Exercise prompt: Return every line of the data below exactly, but do not include the images.

Records for this exercise:
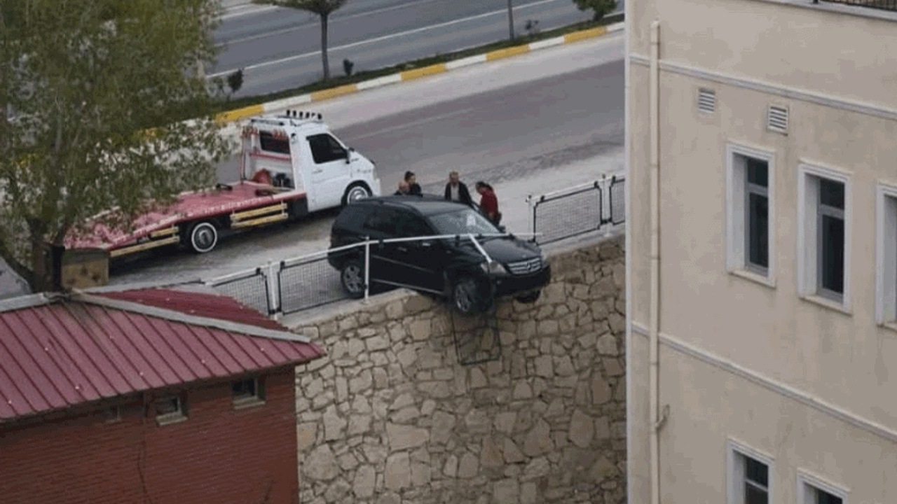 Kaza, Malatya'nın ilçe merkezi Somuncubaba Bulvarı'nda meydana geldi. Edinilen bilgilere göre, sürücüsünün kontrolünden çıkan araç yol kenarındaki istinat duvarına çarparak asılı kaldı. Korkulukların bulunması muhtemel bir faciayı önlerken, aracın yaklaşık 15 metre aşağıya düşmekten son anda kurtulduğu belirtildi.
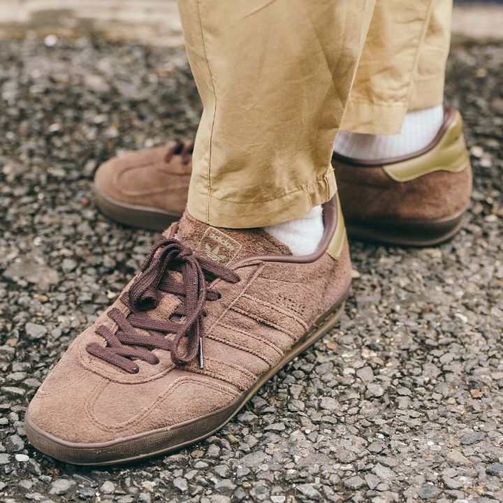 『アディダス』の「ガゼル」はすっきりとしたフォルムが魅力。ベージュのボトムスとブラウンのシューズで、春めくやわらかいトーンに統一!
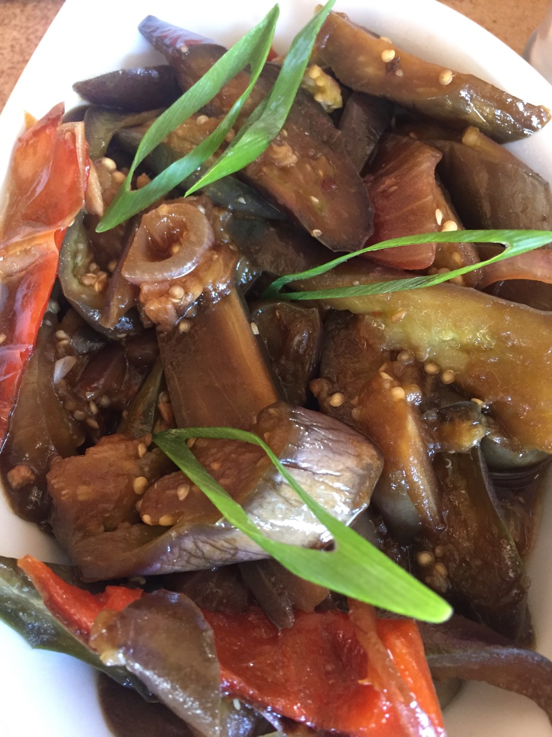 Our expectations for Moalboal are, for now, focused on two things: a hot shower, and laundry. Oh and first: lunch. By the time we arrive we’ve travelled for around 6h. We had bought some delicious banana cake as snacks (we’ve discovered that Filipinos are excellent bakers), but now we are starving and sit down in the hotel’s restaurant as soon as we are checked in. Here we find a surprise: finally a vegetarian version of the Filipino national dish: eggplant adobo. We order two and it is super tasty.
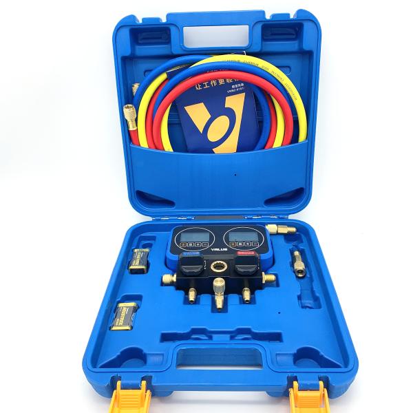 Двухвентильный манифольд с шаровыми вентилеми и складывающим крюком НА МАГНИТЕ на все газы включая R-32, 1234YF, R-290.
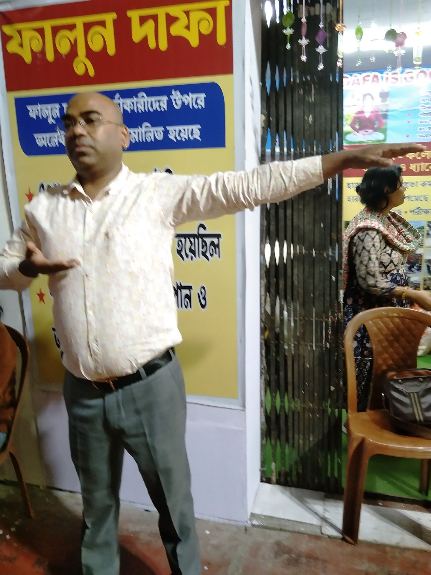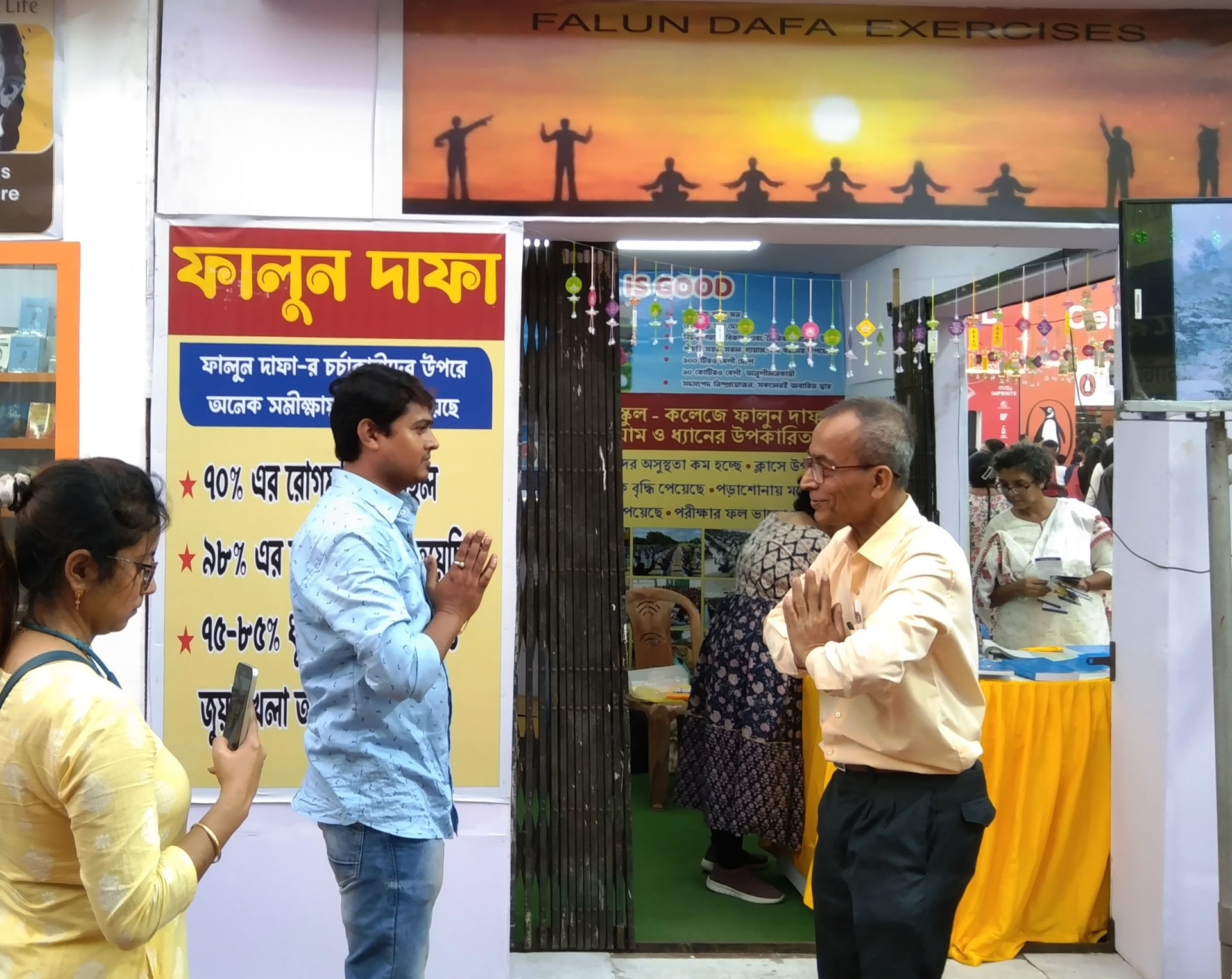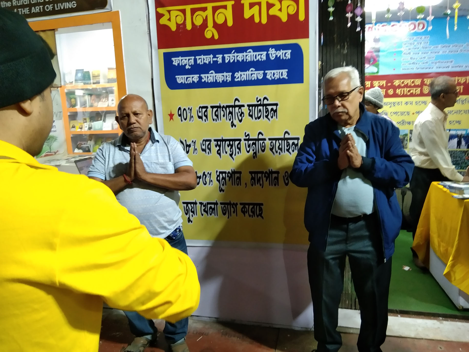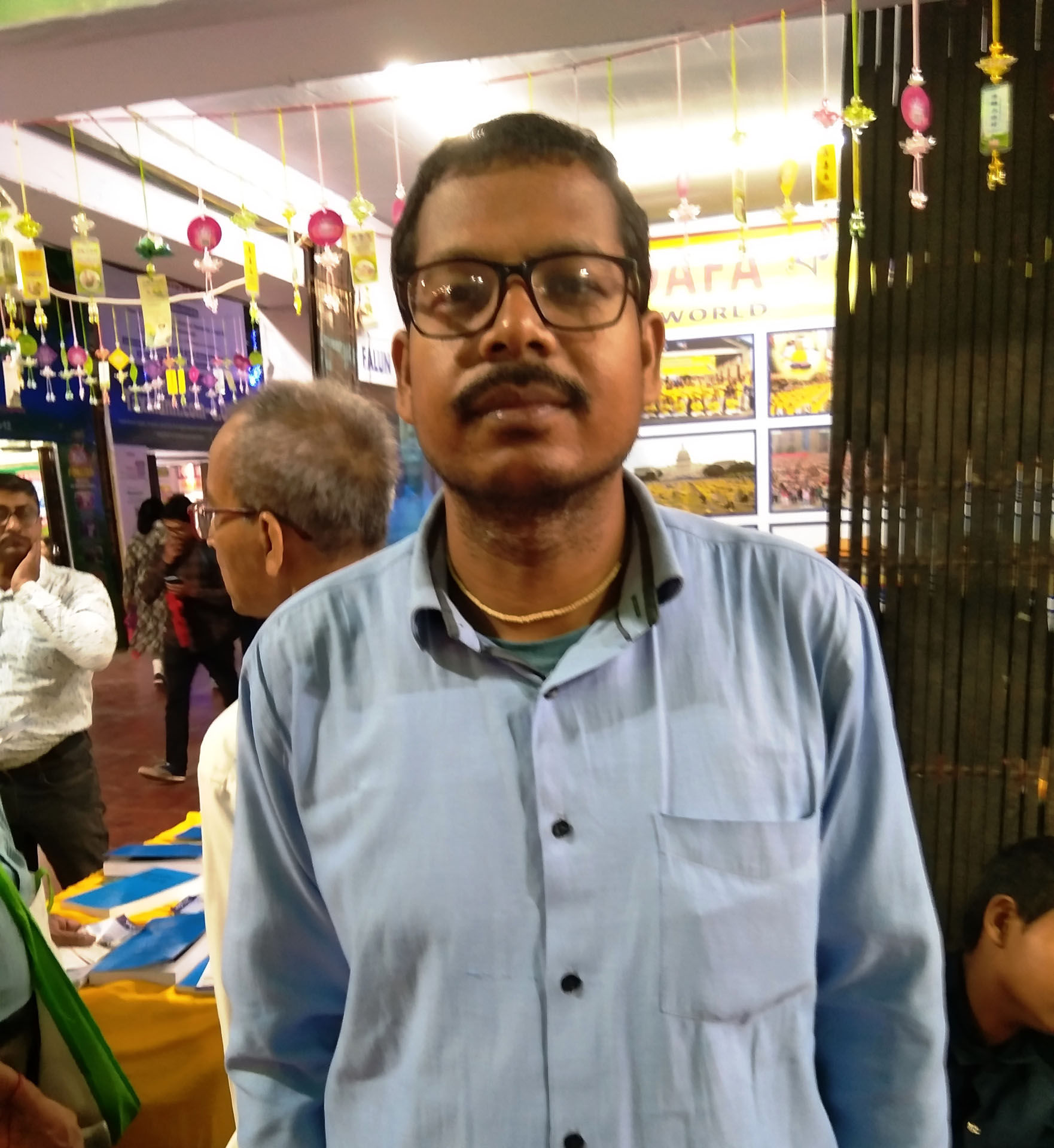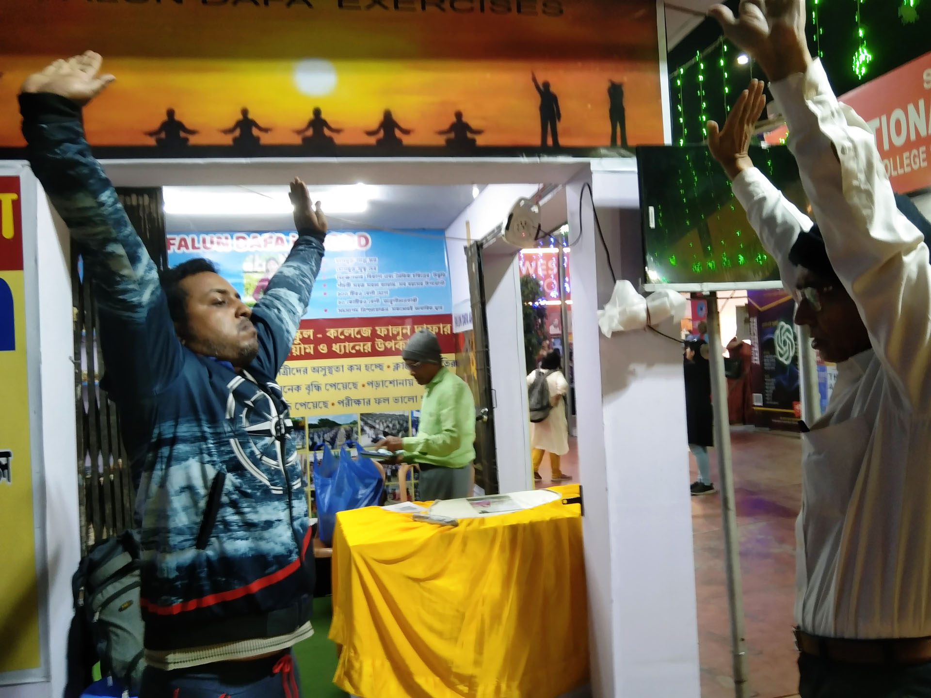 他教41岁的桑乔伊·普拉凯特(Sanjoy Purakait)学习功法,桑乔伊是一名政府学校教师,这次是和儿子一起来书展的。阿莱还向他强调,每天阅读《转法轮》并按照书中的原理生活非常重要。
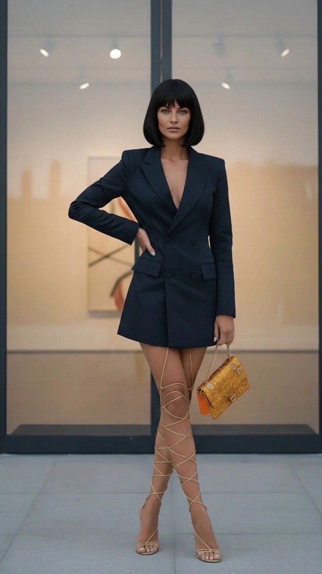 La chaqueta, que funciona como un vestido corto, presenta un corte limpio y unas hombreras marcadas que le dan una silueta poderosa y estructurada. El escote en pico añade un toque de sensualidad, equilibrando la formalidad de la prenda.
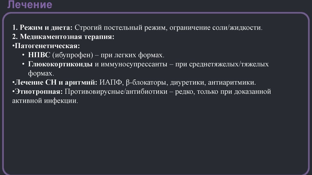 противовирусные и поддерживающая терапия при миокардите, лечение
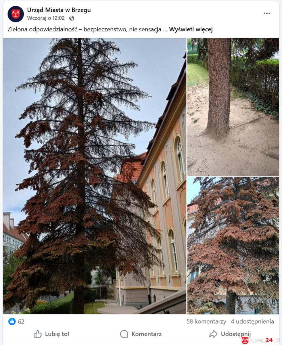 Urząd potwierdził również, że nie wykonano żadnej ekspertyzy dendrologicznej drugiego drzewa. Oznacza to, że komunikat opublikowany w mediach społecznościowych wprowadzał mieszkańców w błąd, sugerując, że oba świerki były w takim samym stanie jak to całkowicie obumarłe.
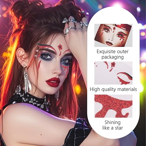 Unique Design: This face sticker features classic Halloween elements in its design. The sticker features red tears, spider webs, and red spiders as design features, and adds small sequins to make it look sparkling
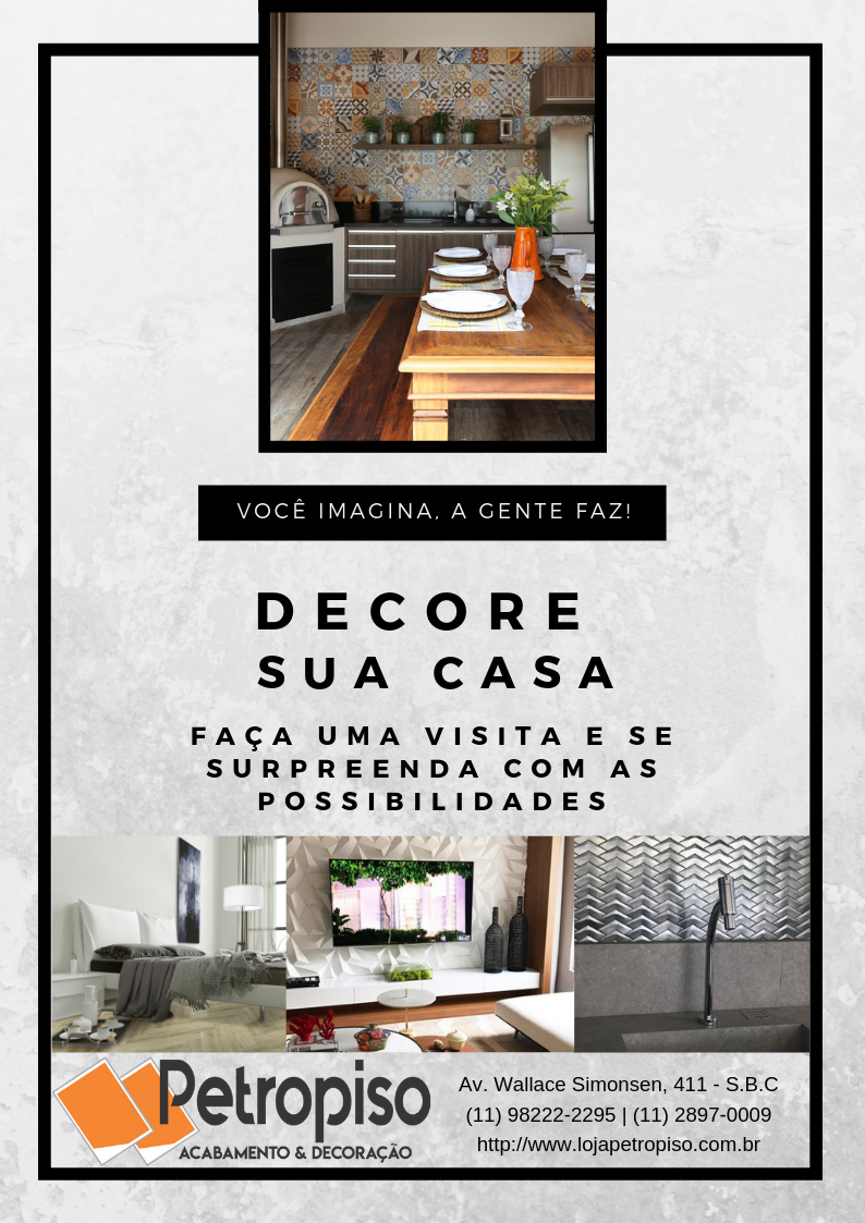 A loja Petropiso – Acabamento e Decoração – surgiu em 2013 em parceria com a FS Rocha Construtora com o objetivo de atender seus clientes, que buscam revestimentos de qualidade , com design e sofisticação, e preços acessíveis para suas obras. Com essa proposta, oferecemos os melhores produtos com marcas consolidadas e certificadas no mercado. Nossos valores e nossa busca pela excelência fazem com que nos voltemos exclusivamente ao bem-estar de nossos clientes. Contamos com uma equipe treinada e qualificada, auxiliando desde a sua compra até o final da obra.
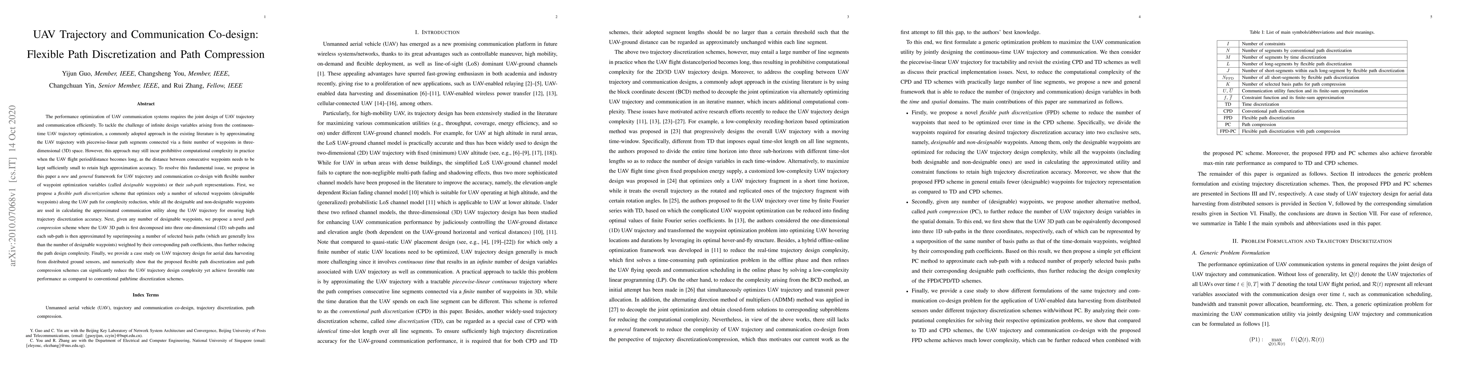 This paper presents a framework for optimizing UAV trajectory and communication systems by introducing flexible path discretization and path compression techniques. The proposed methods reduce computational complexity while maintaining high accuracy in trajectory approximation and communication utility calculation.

Task output:
 Kaza, Malatya'nın ilçe merkezi Somuncubaba Bulvarı'nda meydana geldi. Edinilen bilgilere göre, sürücüsünün kontrolünden çıkan araç yol kenarındaki istinat duvarına çarparak asılı kaldı. Korkulukların bulunması muhtemel bir faciayı önlerken, aracın yaklaşık 15 metre aşağıya düşmekten son anda kurtulduğu belirtildi.
 『アディダス』の「ガゼル」はすっきりとしたフォルムが魅力。ベージュのボトムスとブラウンのシューズで、春めくやわらかいトーンに統一!
 Our expectations for Moalboal are, for now, focused on two things: a hot shower, and laundry. Oh and first: lunch. By the time we arrive we’ve travelled for around 6h. We had bought some delicious banana cake as snacks (we’ve discovered that Filipinos are excellent bakers), but now we are starving and sit down in the hotel’s restaurant as soon as we are checked in. Here we find a surprise: finally a vegetarian version of the Filipino national dish: eggplant adobo. We order two and it is super tasty.
 Двухвентильный манифольд с шаровыми вентилеми и складывающим крюком НА МАГНИТЕ на все газы включая R-32, 1234YF, R-290.
 他教41岁的桑乔伊·普拉凯特(Sanjoy Purakait)学习功法,桑乔伊是一名政府学校教师,这次是和儿子一起来书展的。阿莱还向他强调,每天阅读《转法轮》并按照书中的原理生活非常重要。
 La chaqueta, que funciona como un vestido corto, presenta un corte limpio y unas hombreras marcadas que le dan una silueta poderosa y estructurada. El escote en pico añade un toque de sensualidad, equilibrando la formalidad de la prenda.
 противовирусные и поддерживающая терапия при миокардите, лечение
 Urząd potwierdził również, że nie wykonano żadnej ekspertyzy dendrologicznej drugiego drzewa. Oznacza to, że komunikat opublikowany w mediach społecznościowych wprowadzał mieszkańców w błąd, sugerując, że oba świerki były w takim samym stanie jak to całkowicie obumarłe.
 Unique Design: This face sticker features classic Halloween elements in its design. The sticker features red tears, spider webs, and red spiders as design features, and adds small sequins to make it look sparkling
 A loja Petropiso – Acabamento e Decoração – surgiu em 2013 em parceria com a FS Rocha Construtora com o objetivo de atender seus clientes, que buscam revestimentos de qualidade , com design e sofisticação, e preços acessíveis para suas obras. Com essa proposta, oferecemos os melhores produtos com marcas consolidadas e certificadas no mercado. Nossos valores e nossa busca pela excelência fazem com que nos voltemos exclusivamente ao bem-estar de nossos clientes. Contamos com uma equipe treinada e qualificada, auxiliando desde a sua compra até o final da obra.
 This paper presents a framework for optimizing UAV trajectory and communication systems by introducing flexible path discretization and path compression techniques. The proposed methods reduce computational complexity while maintaining high accuracy in trajectory approximation and communication utility calculation.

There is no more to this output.